Как ни парадоксально, на отпуск в колхозе могут скорее рассчитывать ссыльные, чем колхозники. Если «тунеядец» года два поработает в колхозе без замечаний и ни разу не попадет в милицию, то он может получить зимний месячный отпуск, если он только не работает на ферме, и разрешение съездить к себе на родину. Милицией выдается ему маршрутный лист, с указанием места поездки, маршрута следования и срока возвращения. По прибытии и отбытии из родных мест ссыльный обязан заверить его в местных органах милиции. Однако это очень редкое исключение, сам я таких людей не встречал. Предусмотренная законом «половинка», цель которой, по-видимому, стимулировать у ссыльного желание хорошо работать, ставит «тунеядца» в еще более бесправное положение перед местным начальством, так как досрочное освобождение зависит не столько от хорошей работы, сколько от хорошего отношения с начальством, в данном случае с бригадиром, председателем колхоза, комендантом, начальником районного отдела милиции и, наконец, местным судьей, который и принимает окончательное решение о досрочном освобождении.
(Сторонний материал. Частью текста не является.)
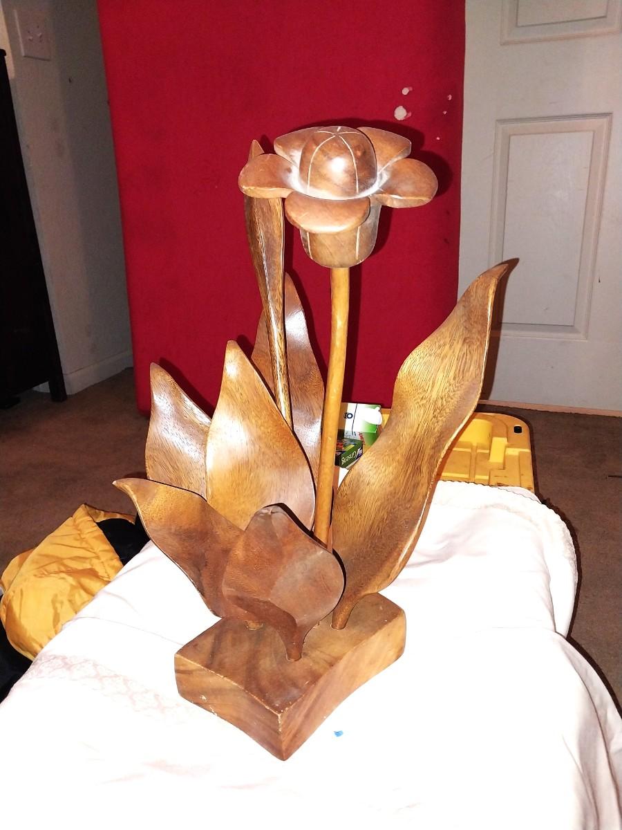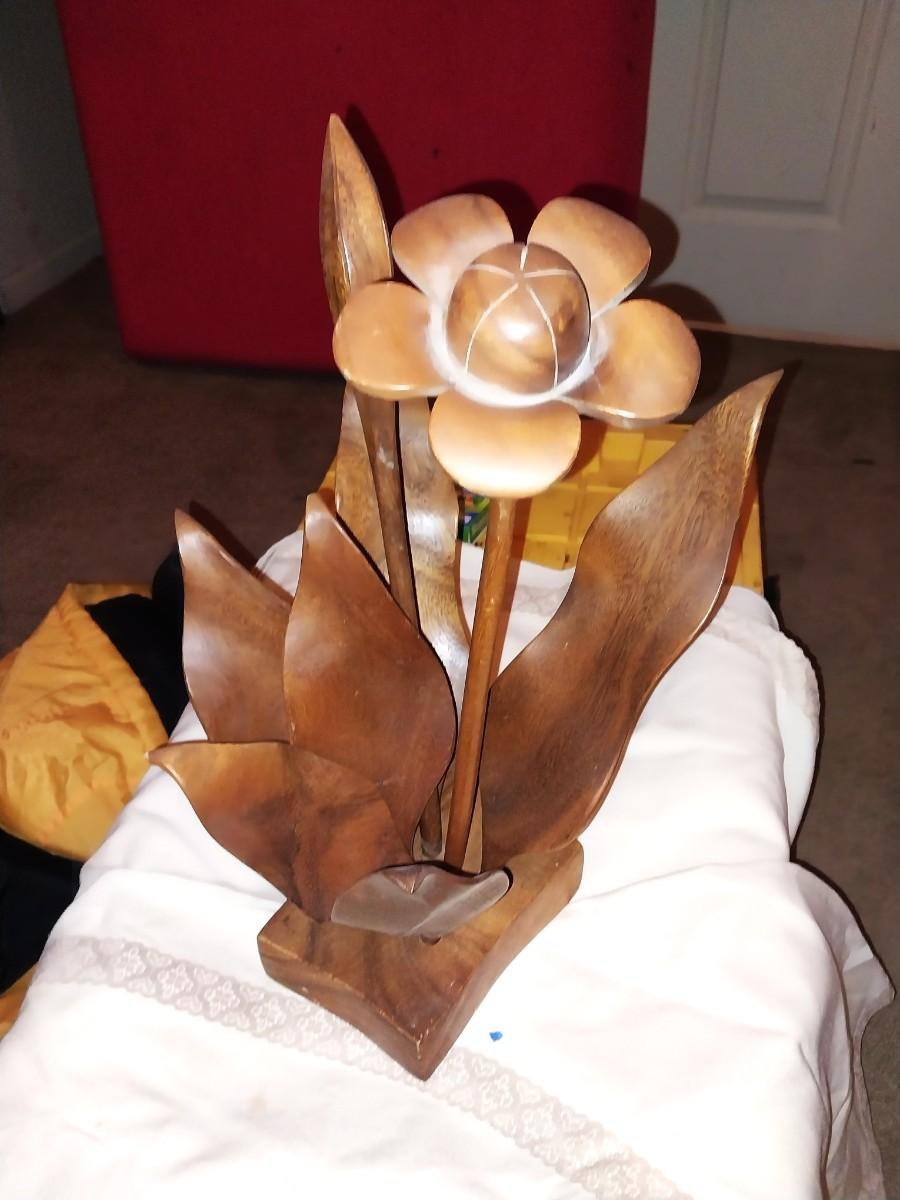 WOODEN FLOWER FIGURINE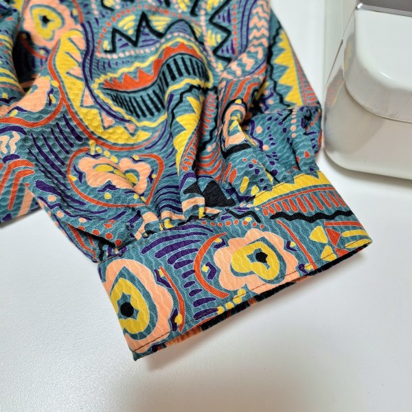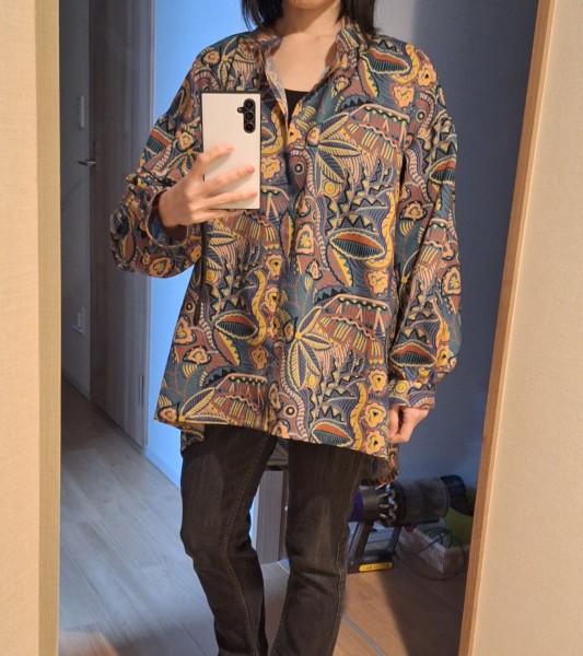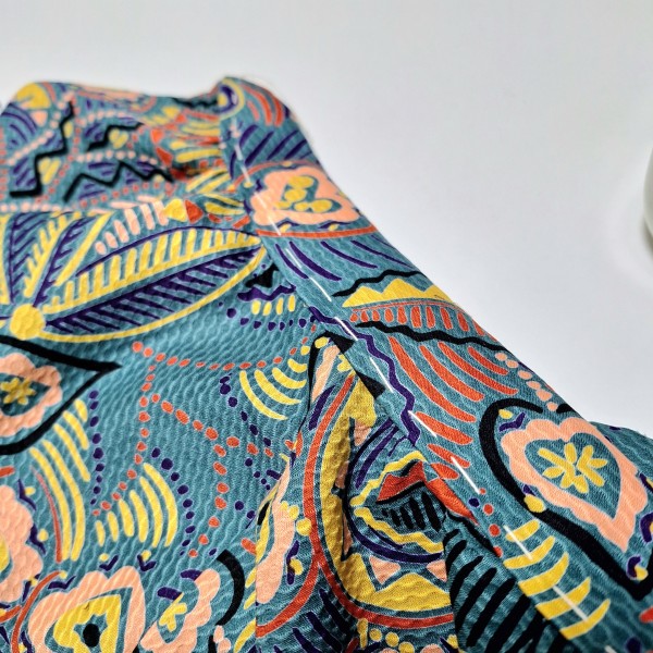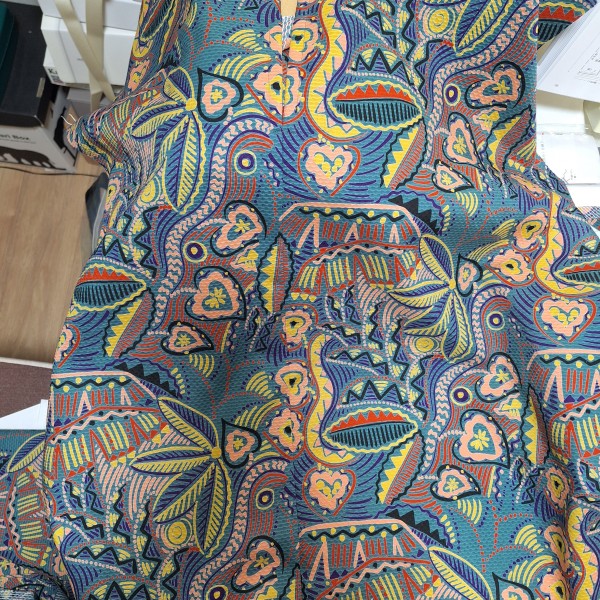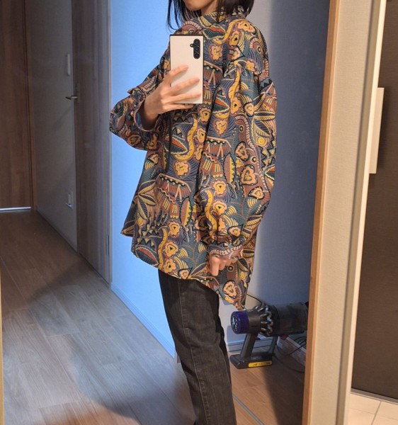 80番手のローンです。生地だけ見ると派手ですが、体に当てると意外にもそれ程派手に見えない不思議な生地です。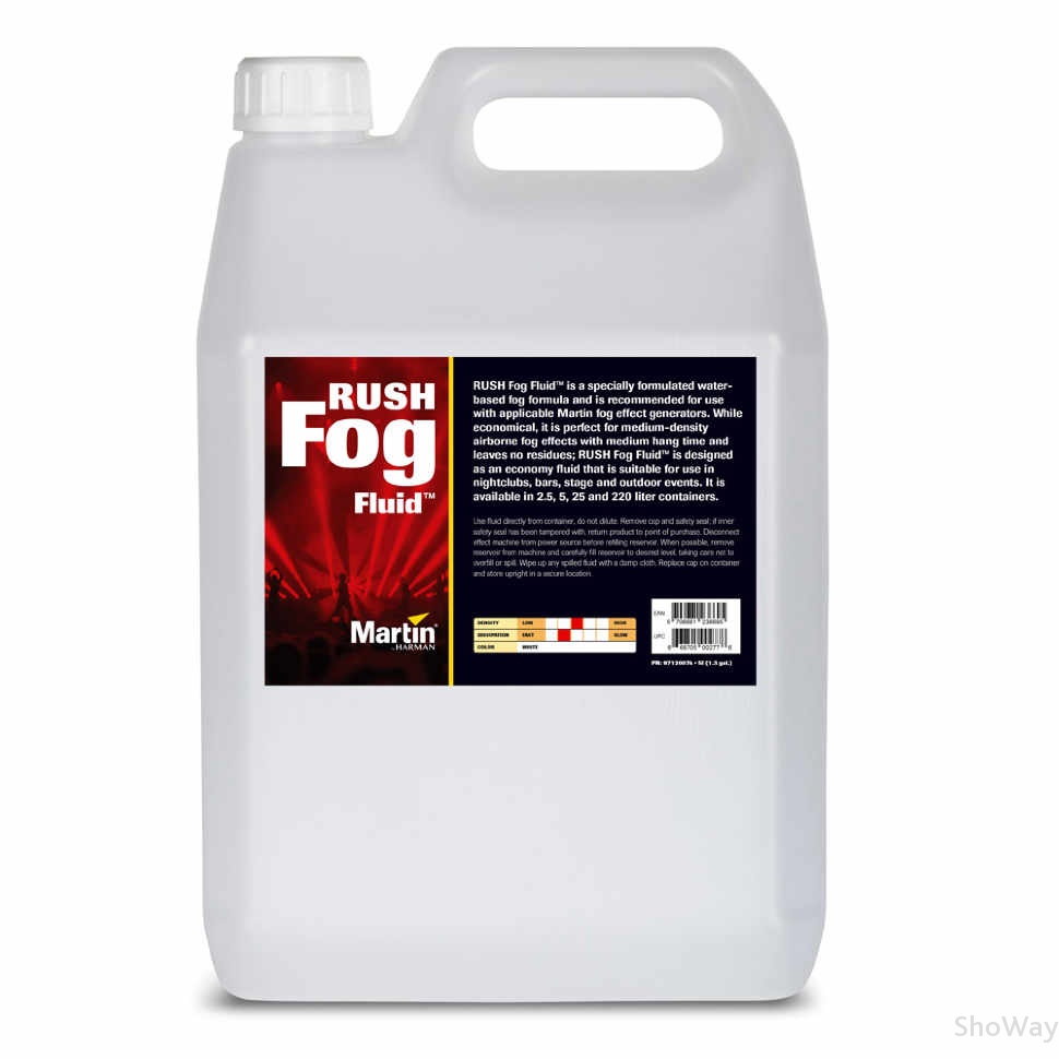 - Жидкость для генераторов дыма MARTIN RUSH FOG FLUID обладает средней плотностью и временем рассеивания, продаётся в канистрах 5 литров.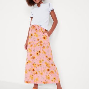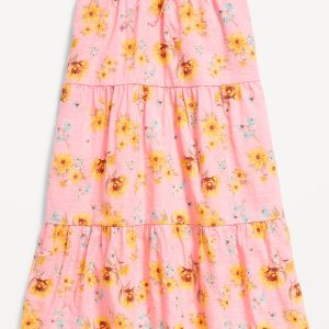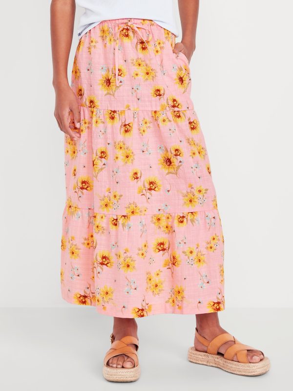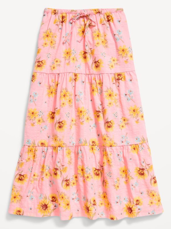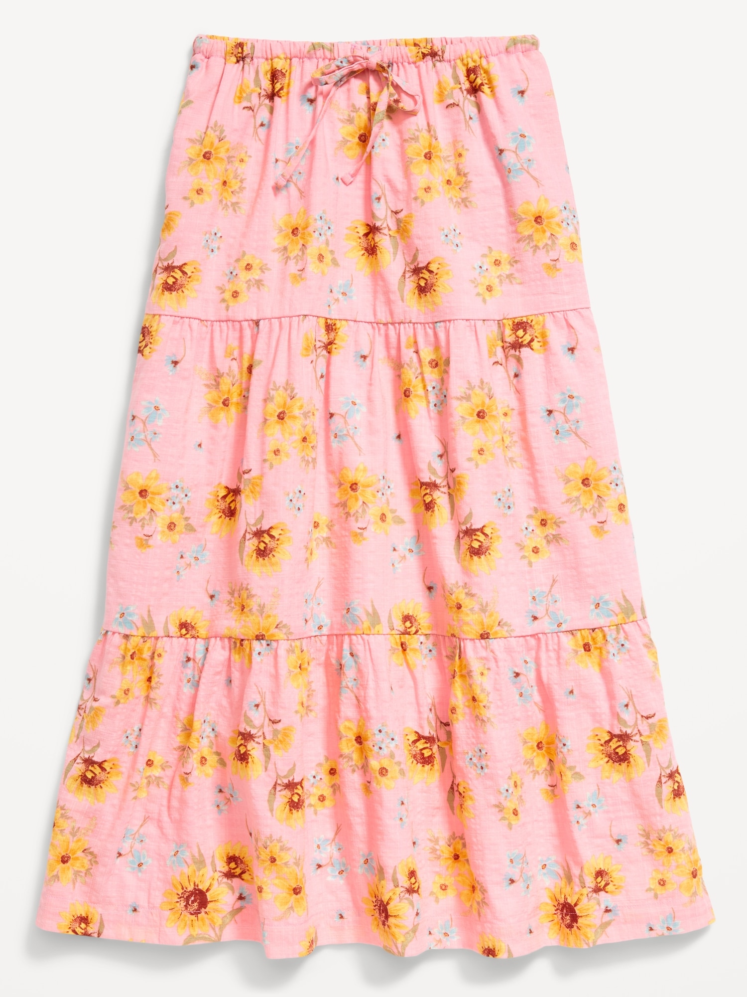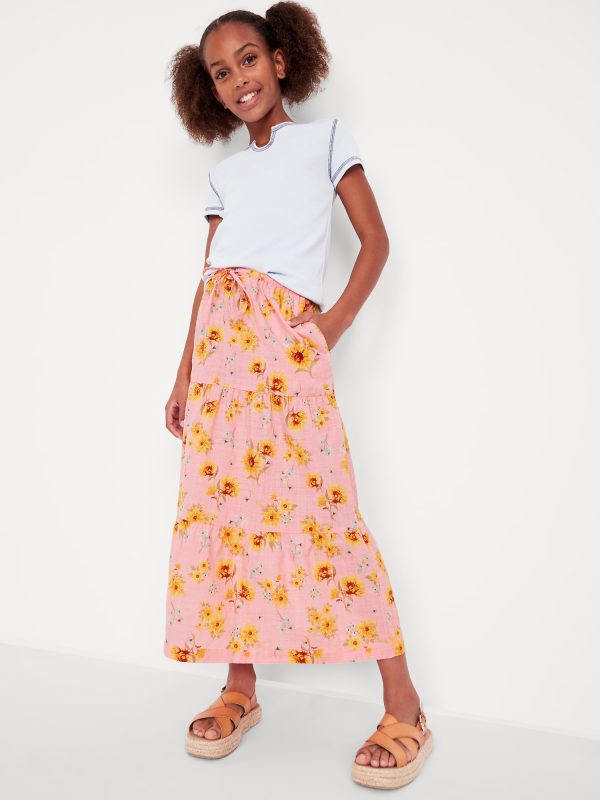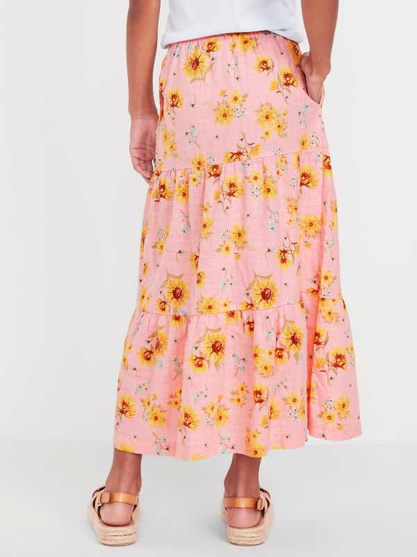 Tiered Swing Midi Skirt for Girls: elasticized waistband, functional drawstring, tiered, on-seam side pockets, all-over print in select colors, #690950

Если кому-то из них ссыльный не угодил, нечего рассчитывать на «половинку». Главным звеном в этой иерархии начальников были, конечно, колхозные власти, с которыми «тунеядец» все время так или иначе сталкивался; тогда как отношения с милицией у живущих в колхозах ограничивались, за исключением чрезвычайных происшествий вроде драк, только тем, что они каждый месяц расписывались в книге у участкового уполномоченного. Даже тот, кого в колхозе примут решение отпустить по истечении половины срока, проработает еще несколько месяцев сверх срока, если его «половинка» попадает в разгар колхозных работ.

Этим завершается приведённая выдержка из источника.